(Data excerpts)
Segment Open

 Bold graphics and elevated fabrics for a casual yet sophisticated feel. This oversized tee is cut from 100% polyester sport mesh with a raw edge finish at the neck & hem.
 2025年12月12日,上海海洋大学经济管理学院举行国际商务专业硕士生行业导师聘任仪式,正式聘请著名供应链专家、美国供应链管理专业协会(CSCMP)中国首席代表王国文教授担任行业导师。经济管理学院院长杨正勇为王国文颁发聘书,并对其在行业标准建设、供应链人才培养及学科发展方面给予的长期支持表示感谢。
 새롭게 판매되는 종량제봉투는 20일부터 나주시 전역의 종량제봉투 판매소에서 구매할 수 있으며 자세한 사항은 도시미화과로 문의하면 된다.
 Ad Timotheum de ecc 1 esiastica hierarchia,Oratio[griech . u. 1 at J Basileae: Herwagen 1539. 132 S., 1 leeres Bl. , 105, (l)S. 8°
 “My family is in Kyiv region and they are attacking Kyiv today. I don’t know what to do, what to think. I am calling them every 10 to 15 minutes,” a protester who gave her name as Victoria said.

Segment Closed
Segment Open

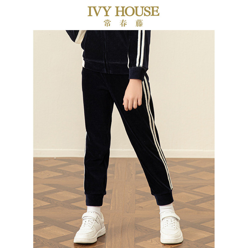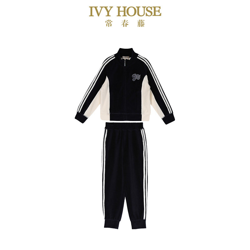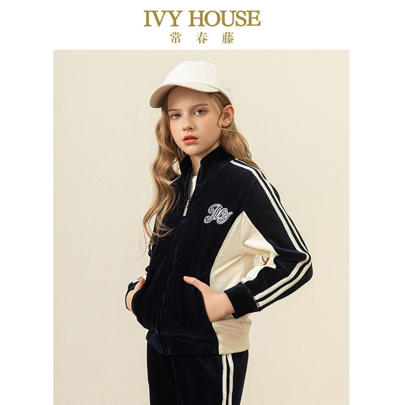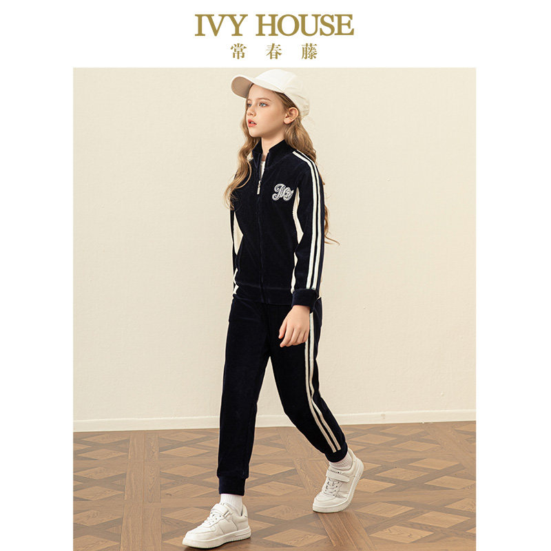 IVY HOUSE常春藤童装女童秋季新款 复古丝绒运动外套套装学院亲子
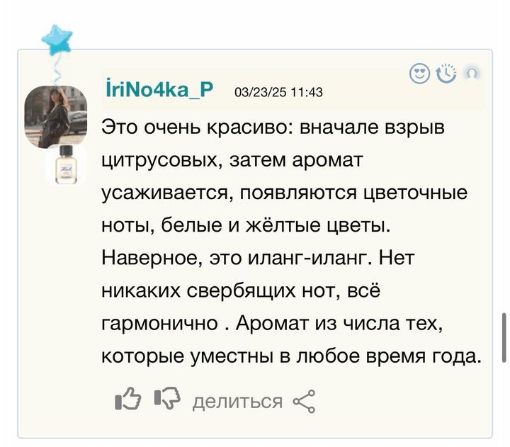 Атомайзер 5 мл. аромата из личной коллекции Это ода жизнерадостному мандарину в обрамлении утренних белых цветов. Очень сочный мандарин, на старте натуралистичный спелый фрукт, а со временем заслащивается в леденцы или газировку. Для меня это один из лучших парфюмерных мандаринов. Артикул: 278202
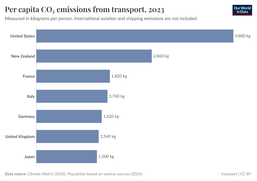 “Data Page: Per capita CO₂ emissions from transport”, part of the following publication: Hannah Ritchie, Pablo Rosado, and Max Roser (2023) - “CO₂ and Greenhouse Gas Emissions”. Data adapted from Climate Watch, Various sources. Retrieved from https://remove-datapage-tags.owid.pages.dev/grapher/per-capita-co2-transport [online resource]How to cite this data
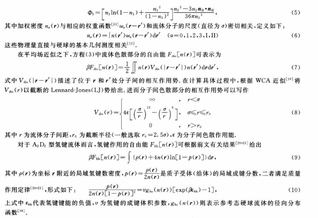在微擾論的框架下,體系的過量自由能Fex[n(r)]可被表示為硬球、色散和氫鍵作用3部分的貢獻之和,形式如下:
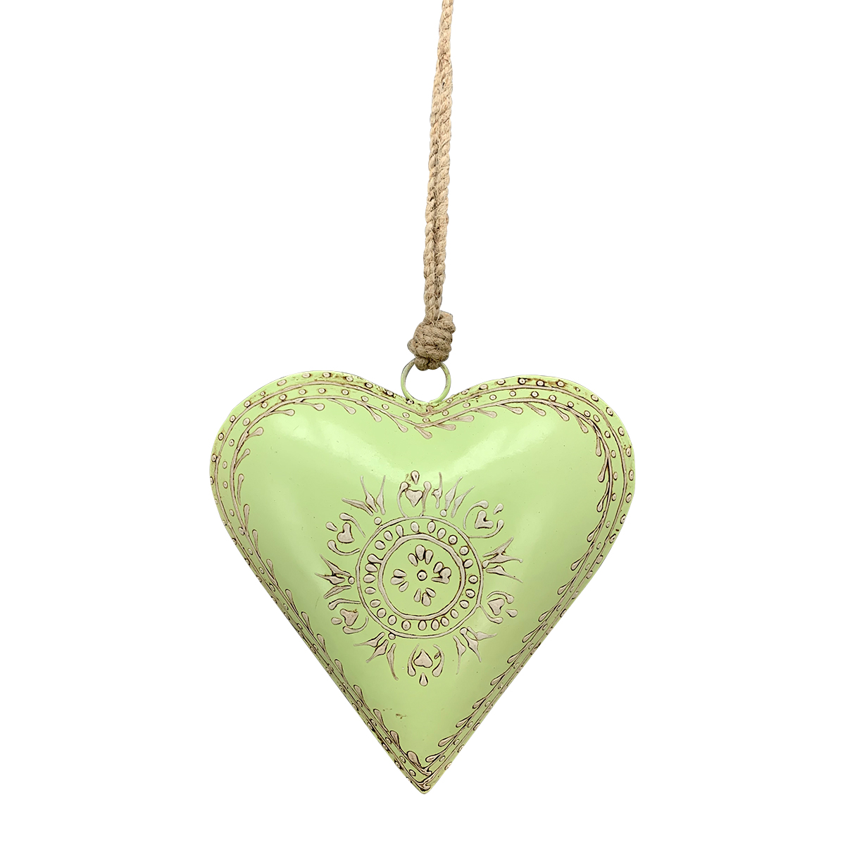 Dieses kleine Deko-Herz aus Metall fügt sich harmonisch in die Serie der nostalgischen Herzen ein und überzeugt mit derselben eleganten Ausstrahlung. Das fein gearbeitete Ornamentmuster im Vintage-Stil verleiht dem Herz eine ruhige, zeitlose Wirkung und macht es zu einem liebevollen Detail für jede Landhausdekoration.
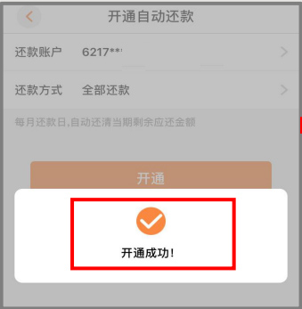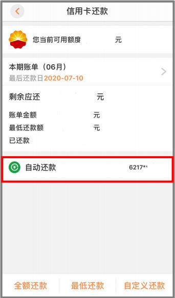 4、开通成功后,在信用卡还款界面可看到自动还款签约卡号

Segment Closed

_Problem to solve_
Above are some records; copy exactly the lines from the one with "Bold graphics and" through the one with "as Victoria said.", both included, and no others.

_Output of the task_
 Bold graphics and elevated fabrics for a casual yet sophisticated feel. This oversized tee is cut from 100% polyester sport mesh with a raw edge finish at the neck & hem.
 2025年12月12日,上海海洋大学经济管理学院举行国际商务专业硕士生行业导师聘任仪式,正式聘请著名供应链专家、美国供应链管理专业协会(CSCMP)中国首席代表王国文教授担任行业导师。经济管理学院院长杨正勇为王国文颁发聘书,并对其在行业标准建设、供应链人才培养及学科发展方面给予的长期支持表示感谢。
 새롭게 판매되는 종량제봉투는 20일부터 나주시 전역의 종량제봉투 판매소에서 구매할 수 있으며 자세한 사항은 도시미화과로 문의하면 된다.
 Ad Timotheum de ecc 1 esiastica hierarchia,Oratio[griech . u. 1 at J Basileae: Herwagen 1539. 132 S., 1 leeres Bl. , 105, (l)S. 8°
 “My family is in Kyiv region and they are attacking Kyiv today. I don’t know what to do, what to think. I am calling them every 10 to 15 minutes,” a protester who gave her name as Victoria said.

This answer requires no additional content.